This episode pays homage to the support systems that make horticulture special. Phil Wright and co-host Kate Turner talk with Nat Boynton and Meg Warren-Davis from YPHA about practical ways the community invests in young professionals: from bursaries and employer-backed time to train, to sponsors and partners who step in when it matters. Then Kaz Edwards (Heart of Eden) shares how the trade rallied when she was made redundant, opening doors within weeks and proving why this sector’s people-first culture is its superpower.
In this episode:
The power of backing young talent: YPHA’s Launch Success journey, bursary support, and a new winter skills programme with Barclays to teach real-world commercial skills (interviews, business plans, reading a balance sheet). Call-outs for operational allies to help scale the next cohort.
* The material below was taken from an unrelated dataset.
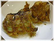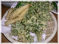 | 5月8日(月) だべり屋こなる 食彩館せせらぎの開業に関わった人たちとの打ち上げがあった。高尾台にある「だべり屋こなる」(金沢し市高尾台1-56 TEL 076-298-3099 11:30〜14:00、18:00〜24:00、木曜定休)が会場で、準備のために活躍してくださった沢田さんのお嬢さんが経営している店だ。山で調達できる素材を使った料理も出てくるようだが、今回は猪肉を使ったなべや、猪肉の焼いたもの、山菜の天ぷらんなど、それらしいものが多かった。鮎も季節には出てくるようだ。それらの素材も沢田さんが供給しているようだ。店はシンプルで若者向きにできているが、家族連れもきていた。みなさんのおかげで、無事開業できましたし、上々のすべりだしです。商品管理体制や情報提供をしっかりすることで、魅力を高めていくことです。 | ![]() 山菜の天ぷら |

Employers stepping up: How companies co-funded and released staff for nine training days, with Colegrave Seabrook Foundation support, because investing in people reduces churn and strengthens the whole sector.
Community in action: From an initial “not our priority” response to industry champions stepping in: sponsorships, retailers, trainers and mentors who turned an idea into impact.
When careers wobble, people catch you: Kaz describes the shock of redundancy and the flood of messages, referrals—even from competitors—that swiftly led to her role at Heart of Eden. Practical advice: be bold, ask for help, this industry will respond.
Collaborating on peat-free confidence: Why manufacturers and retailers must partner on education and POS, and how schemes like Responsible Sourcing help the whole category move forward together.